Former York swimmer tackles triathalon
The race within the race is what York alumnus and former Lions swim team member Laura Armstrong (BA ‘05) is looking to win, along with Matt Barfoot and Greg Nicol, wrote the Owen Sound Sun Times Aug. 31. It’s only natural for girlfriend and boyfriend Armstrong and Barfoot to push each other on the course, while Barfoot’s brother-in-law Nicol can’t let the “kids” get the best of him. The trio is part of an eight-person group of competitors from Grey-Bruce County competing Saturday at the 2006 World Triathlon Championships in Lausanne, Switzerland. “You have to be decent in all three sports to do well,” said the 24-year-old Armstrong, who’s entering her second year of chiropractic college in Toronto. “If you can’t bike or run but you can swim, you’re really only just a strong swimmer.” Armstrong started training for triathlons three years ago after a shoulder injury ended her two-year competitive swimming career at York University (2001-2003).
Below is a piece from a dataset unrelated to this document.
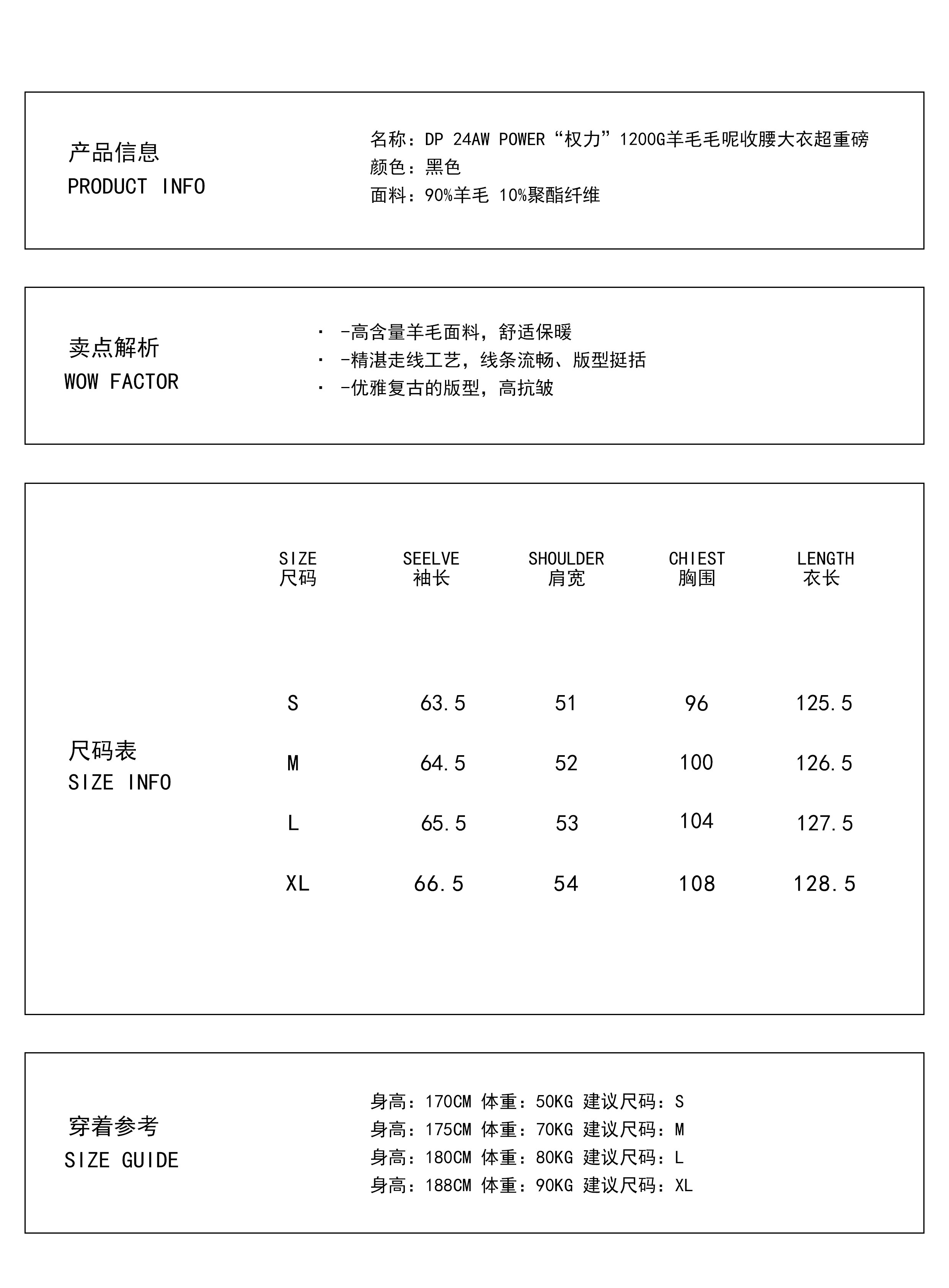Dp Paradis 24Aw Power "Powerful" 1200g Wool Woolen Waist-Cinching Coat L Super Heavyweight

York’s ‘A-Train’ staying on track
York Lions football player Anthony Thomas knows he has a next-to-impossible task, wrote the Toronto Star Aug. 31. But that only heightened his anxiety a few notches. Being given the job of replacing York’s athlete of the year and all-Canadian defensive whiz Ricky Foley (BA ‘05), now with the BC Lions, wasn’t easy. But Thomas, a 6-foot-1, 265-pound linebacker, has been in extraordinary circumstances before. Always confident and optimistic, the one they call “A-Train” is ready for the challenge.
Thomas, after graduating from Toronto’s Northern Secondary, turned down an athletic scholarship to Saginaw Valley State and ended up at Saint Mary’s University in Halifax. That stop lasted one game with the Huskies after promises of financial assistance, according to the 21-year old, never materialized. Broke, he returned home and worked as a security guard, then took a summer course at York and got talking with football coach Tom Gretes. Thomas, who went to elementary school in Ann Arbor, Mich., moved to Toronto when his parents split. Six years ago, he received a call from a former neighbour with news that his father had been shot and killed. “I’ll never forget that call,” said Thomas.
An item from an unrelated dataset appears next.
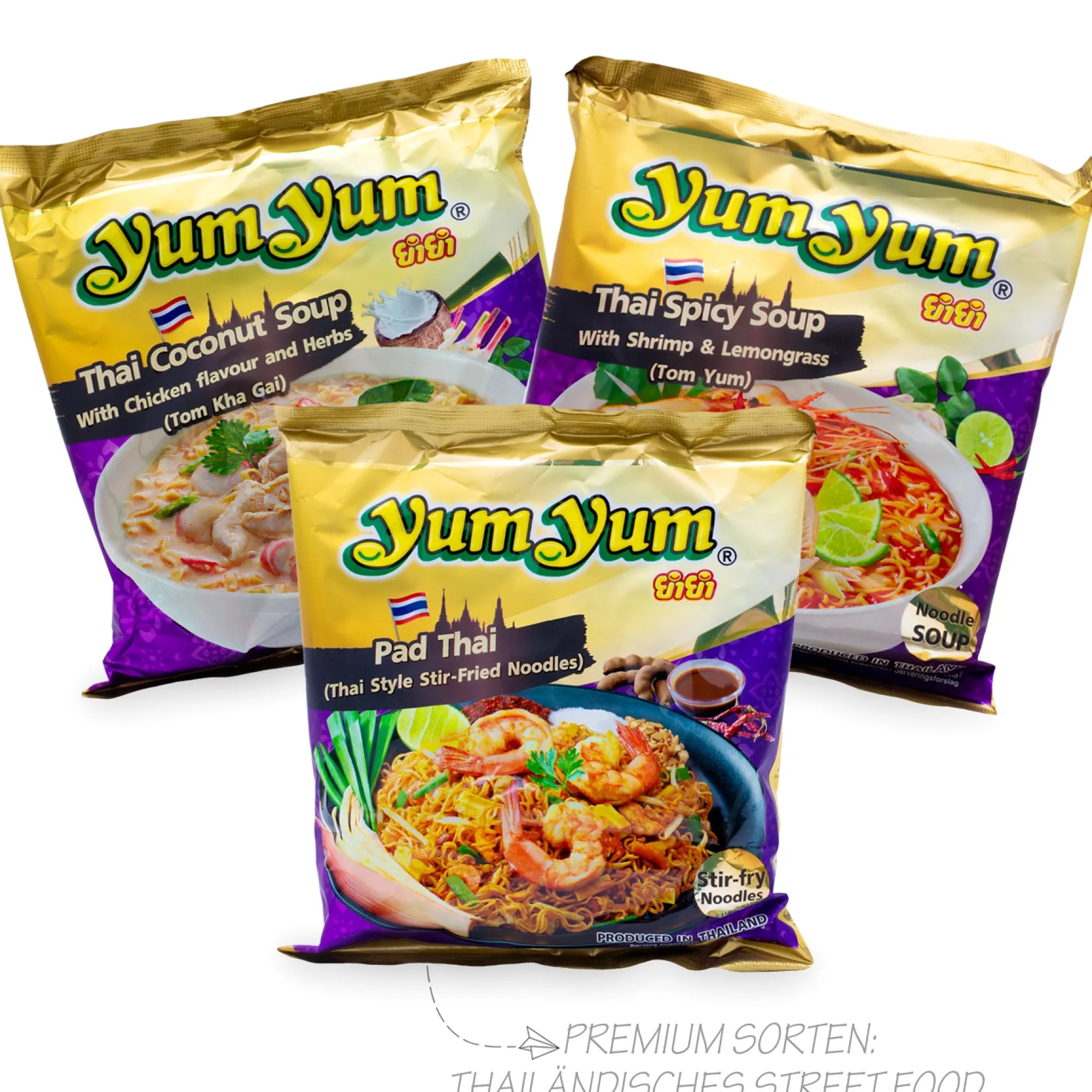 Von insgesamt 16 Yum-Yum-Sorten wählen wir zehn Stück für deine Box zufällig aus. Dabei achten wir darauf, dass du eine ausgewogene Variation der verschiedenen Geschmacksrichtungen erhältst. Deswegen bekommst du sowohl Ramen-Klassiker, wie beispielsweise Shrimp, Huhn oder Gemüse, als auch beliebte thailändische Gerichte wie Green Curry, Pad Thai oder Thai Spicy Soup. Von jeder dieser zehn Sorten sind jeweils drei Packungen in der Box, sodass du insgesamt 30 Packungen Instant-Nudeln bekommst!

Rookie football Lions will have their hands full
The York Lions will host the McMaster Marauders on the Labour Day holiday, wrote Toronto Star sports columnist David Grossman Aug. 31. The Lions could be in over their heads with the Marauders, a team that has won its last seven times out. York, with 40 rookies, will count on two-time OUA all-star receiver Ricardo Hudson. A young and revamped York offensive line will be in tough against the Marauders, one of the best pass-rushing university teams in the country.
Argos’ Johnson says he’s prepared for last-minute start
Toronto Argonauts coach Mike Clemons said the chances of injured running back John Avery being in uniform for the Argos’ next game were slim at best, reported the Toronto Star Aug. 31. That means Jeff Johnson (BA ‘02) will most likely be called upon to be the starting tailback. The York University product hasn’t been officially told, but he’s not concerned. “If you had asked me this five years ago I would have said, ‘Yes, I want to know clear cut (whether he would be the starter)’,” he said. “But it doesn’t really matter anymore. As the years go on you learn you have to be prepared to (start) or not.”